RAW DATA Start Marker

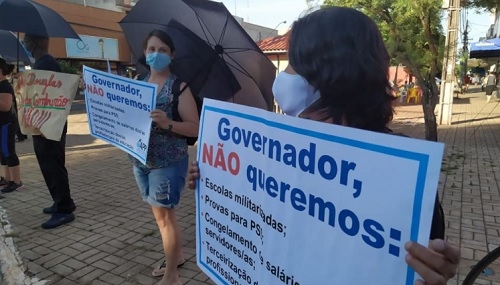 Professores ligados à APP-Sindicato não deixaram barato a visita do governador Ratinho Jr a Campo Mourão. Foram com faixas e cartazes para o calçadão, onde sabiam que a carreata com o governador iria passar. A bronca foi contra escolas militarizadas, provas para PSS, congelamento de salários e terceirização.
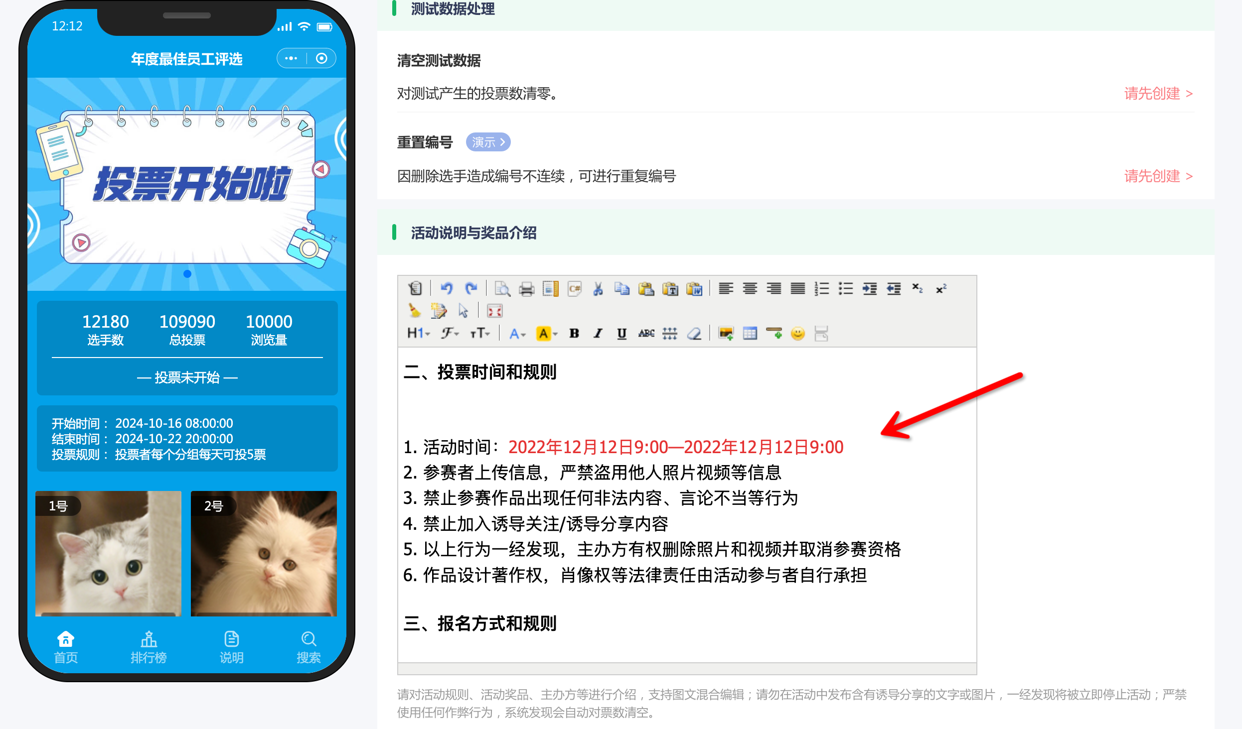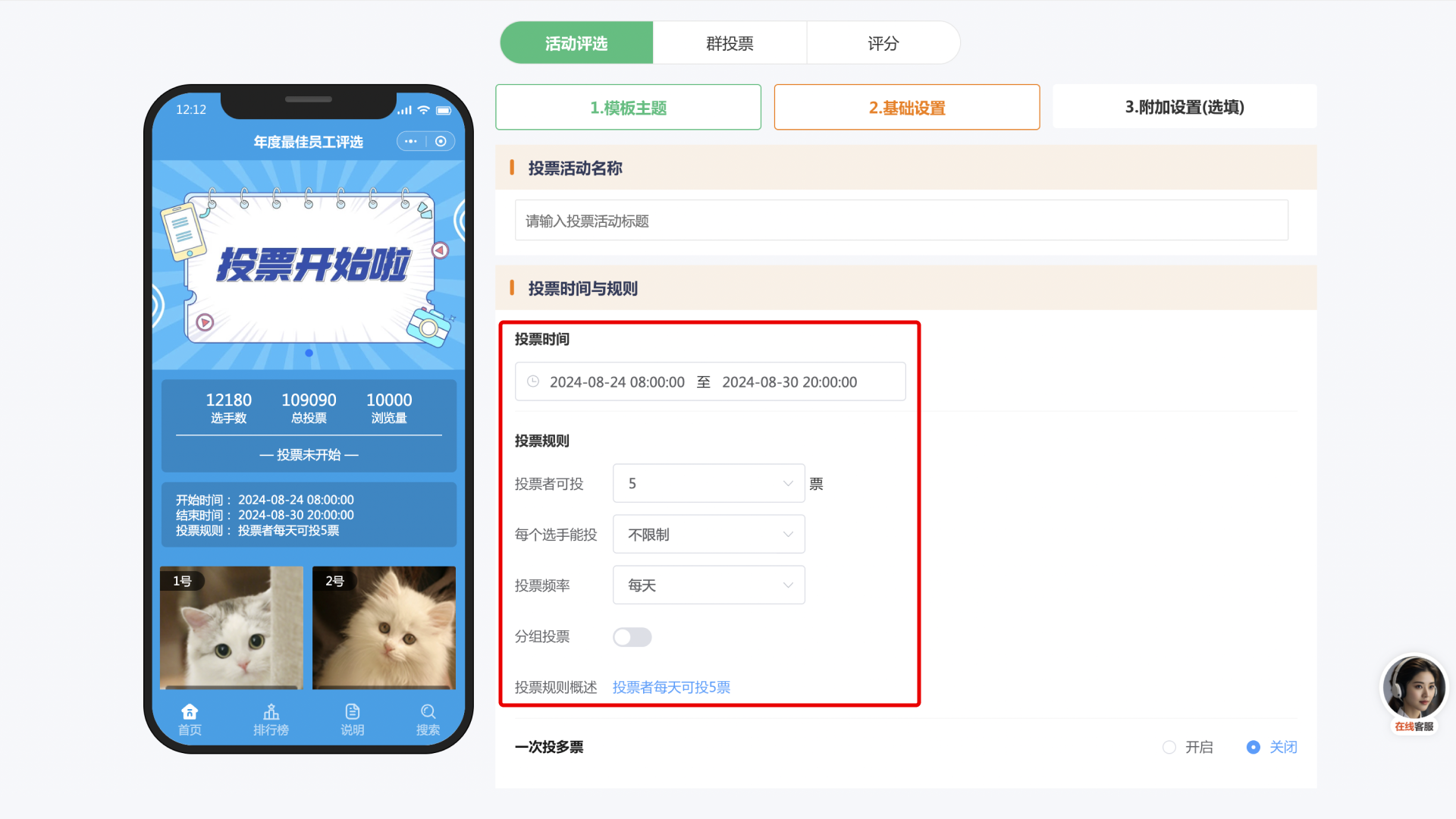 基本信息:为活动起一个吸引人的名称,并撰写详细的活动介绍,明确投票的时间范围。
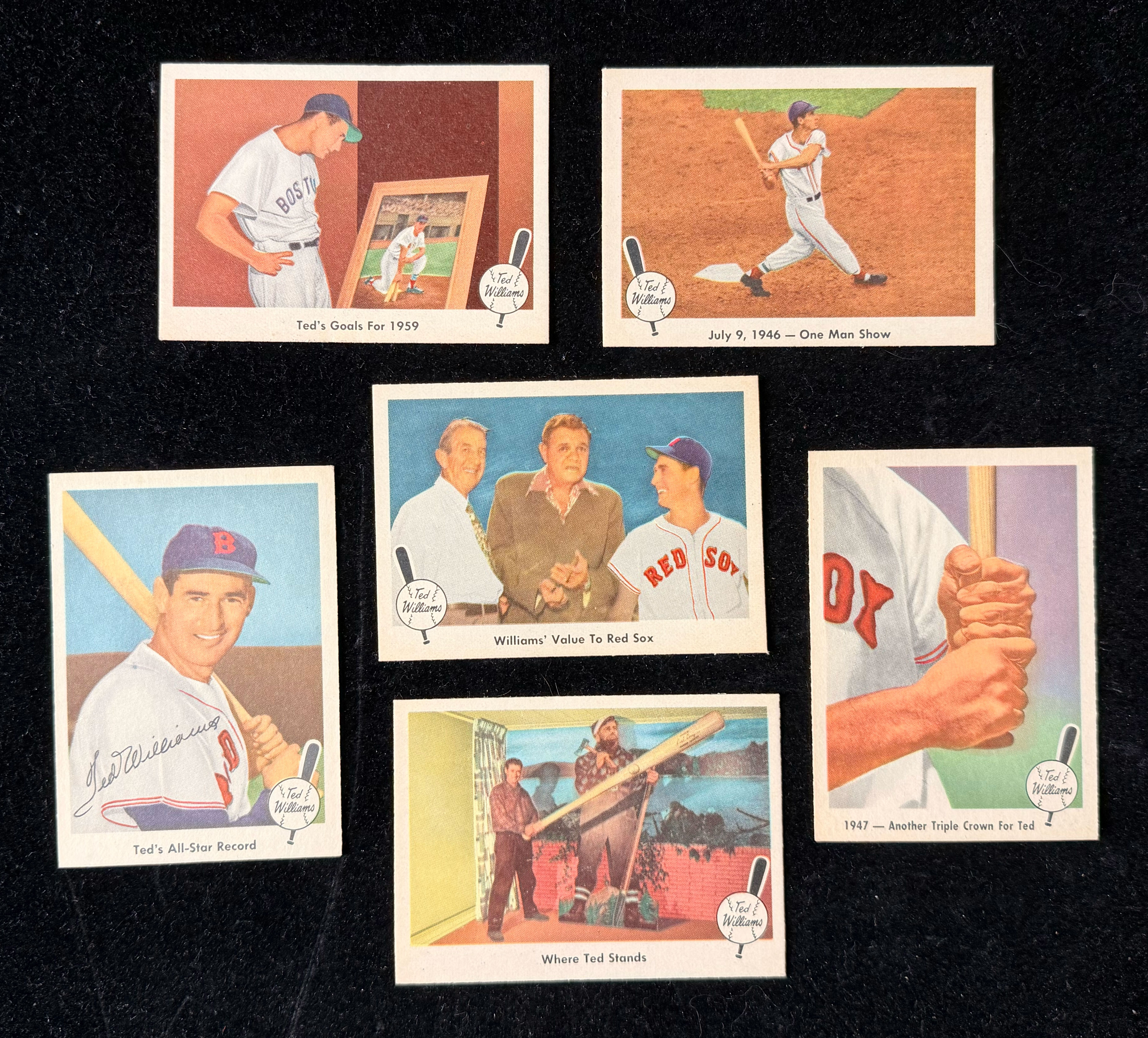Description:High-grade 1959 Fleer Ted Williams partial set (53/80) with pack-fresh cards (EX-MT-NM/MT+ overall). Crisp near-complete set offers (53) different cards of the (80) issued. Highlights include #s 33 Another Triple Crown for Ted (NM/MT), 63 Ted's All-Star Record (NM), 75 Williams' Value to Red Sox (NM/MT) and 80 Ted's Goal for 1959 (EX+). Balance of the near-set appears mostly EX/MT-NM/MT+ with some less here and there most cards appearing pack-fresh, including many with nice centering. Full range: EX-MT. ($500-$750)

RAW DATA End Marker

WORK TO BE COMPLETED — Word for word, reproduce all of the data, but keep out the pictures.

RESPONSE TO THIS TASK —
 Professores ligados à APP-Sindicato não deixaram barato a visita do governador Ratinho Jr a Campo Mourão. Foram com faixas e cartazes para o calçadão, onde sabiam que a carreata com o governador iria passar. A bronca foi contra escolas militarizadas, provas para PSS, congelamento de salários e terceirização.
 基本信息:为活动起一个吸引人的名称,并撰写详细的活动介绍,明确投票的时间范围。
Description:High-grade 1959 Fleer Ted Williams partial set (53/80) with pack-fresh cards (EX-MT-NM/MT+ overall). Crisp near-complete set offers (53) different cards of the (80) issued. Highlights include #s 33 Another Triple Crown for Ted (NM/MT), 63 Ted's All-Star Record (NM), 75 Williams' Value to Red Sox (NM/MT) and 80 Ted's Goal for 1959 (EX+). Balance of the near-set appears mostly EX/MT-NM/MT+ with some less here and there most cards appearing pack-fresh, including many with nice centering. Full range: EX-MT. ($500-$750)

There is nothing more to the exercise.